COLLECTED DATA section start

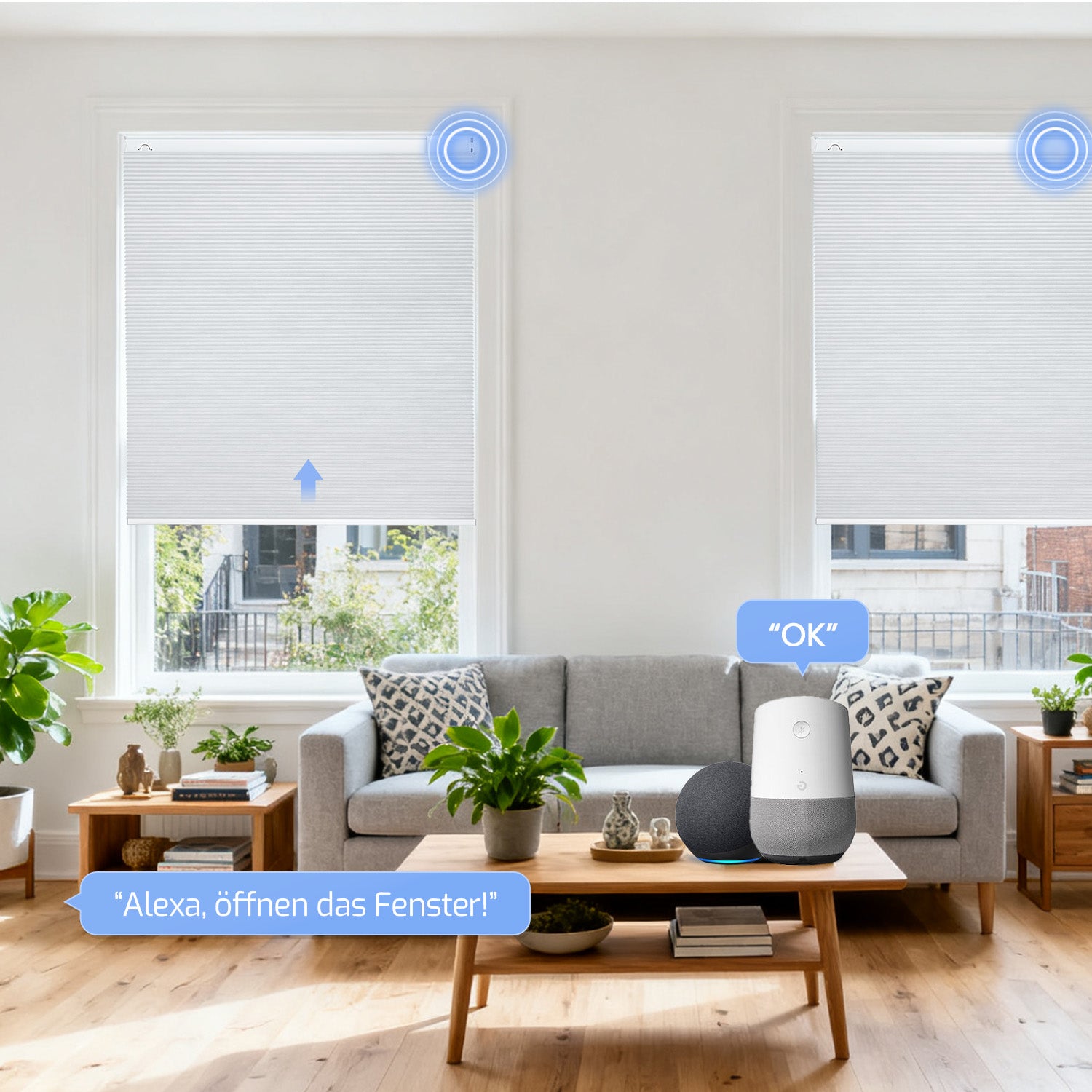 - Smart Bridge (optional): Schöpfen Sie das volle Potenzial Ihrer motorisierten Wabenplissees mit einer Smart Bridge aus. Diese ermöglicht die Steuerung über Ihre SmartLife- oder Tuya-App, Sprachassistenten wie Alexa oder Google Assistant und sogar die Programmierung für automatischen Betrieb. Darüber hinaus ermöglicht die Bridge die Einzelbedienung von bis zu 15 Jalousien und erweiterte Anpassungsmöglichkeiten, wie das Einstellen der Öffnungs-/Schließposition für eine präzise Lichtregulierung.
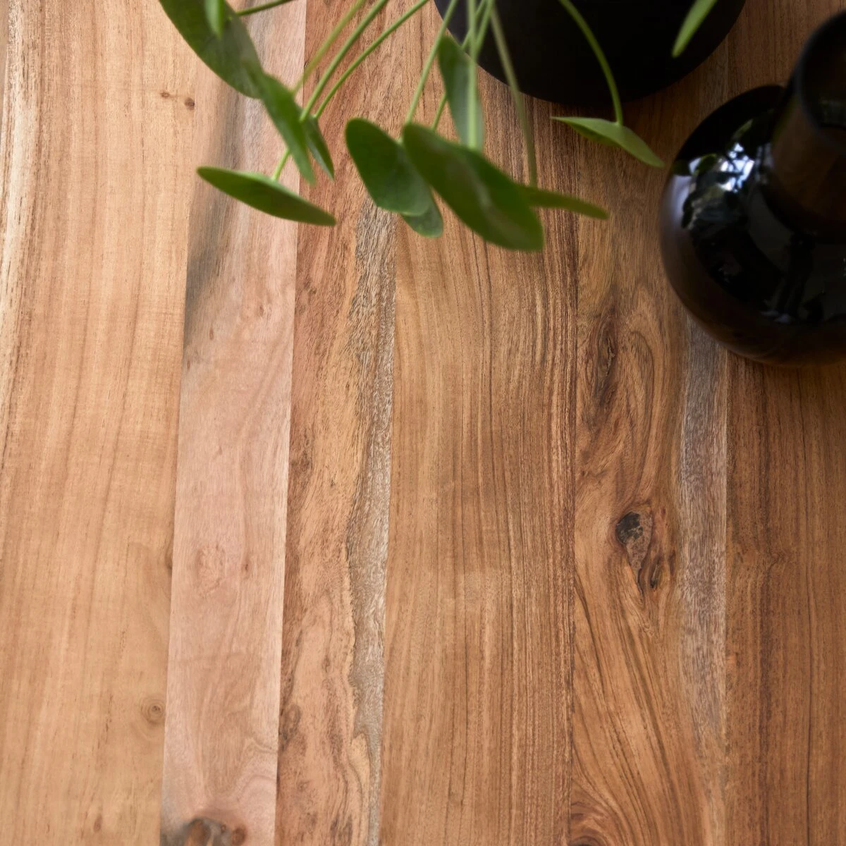The industrial spirit of the Temis table, combines purity of lines and beautiful materials. The solid acacia surface is highly resistant to shocks and heat and has remarkable golden hue that can stand the test of time. The legs have been designed so you can maximise the number of guests who can sit around the table. Match the table with chairs from the Temis collection and complete the minimalist look. Alternatively you could use it as a large desk in a spacious office.
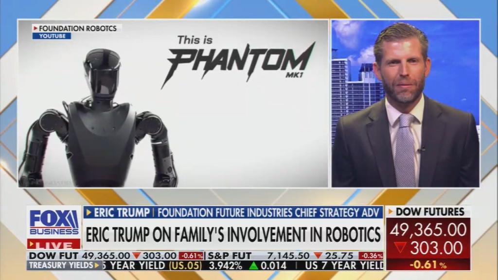 During the Thursday broadcast of her Fox Business show, Bartiromo devoted more than 10 minutes of her program to a fawning joint interview with Foundation Future Industries CEO Sankaet Pathak and Eric Trump, the company’s “chief strategy adviser.” After Bartiromo congratulated the pair on winning a $24 million Defense Department contract to test its “Phantom” robot for military applications, she gave them a platform to talk up their product, as well as what Bartiromo described as “these incredible goals that you’ve got,” including to “build life-sustaining technology on Earth and beyond."

COLLECTED DATA section end

TASK TO CARRY OUT ▸
Please repeat each line above exactly as it appears, but omit the pictures.

EXERCISE SOLUTION ▸
 - Smart Bridge (optional): Schöpfen Sie das volle Potenzial Ihrer motorisierten Wabenplissees mit einer Smart Bridge aus. Diese ermöglicht die Steuerung über Ihre SmartLife- oder Tuya-App, Sprachassistenten wie Alexa oder Google Assistant und sogar die Programmierung für automatischen Betrieb. Darüber hinaus ermöglicht die Bridge die Einzelbedienung von bis zu 15 Jalousien und erweiterte Anpassungsmöglichkeiten, wie das Einstellen der Öffnungs-/Schließposition für eine präzise Lichtregulierung.
The industrial spirit of the Temis table, combines purity of lines and beautiful materials. The solid acacia surface is highly resistant to shocks and heat and has remarkable golden hue that can stand the test of time. The legs have been designed so you can maximise the number of guests who can sit around the table. Match the table with chairs from the Temis collection and complete the minimalist look. Alternatively you could use it as a large desk in a spacious office.
 During the Thursday broadcast of her Fox Business show, Bartiromo devoted more than 10 minutes of her program to a fawning joint interview with Foundation Future Industries CEO Sankaet Pathak and Eric Trump, the company’s “chief strategy adviser.” After Bartiromo congratulated the pair on winning a $24 million Defense Department contract to test its “Phantom” robot for military applications, she gave them a platform to talk up their product, as well as what Bartiromo described as “these incredible goals that you’ve got,” including to “build life-sustaining technology on Earth and beyond."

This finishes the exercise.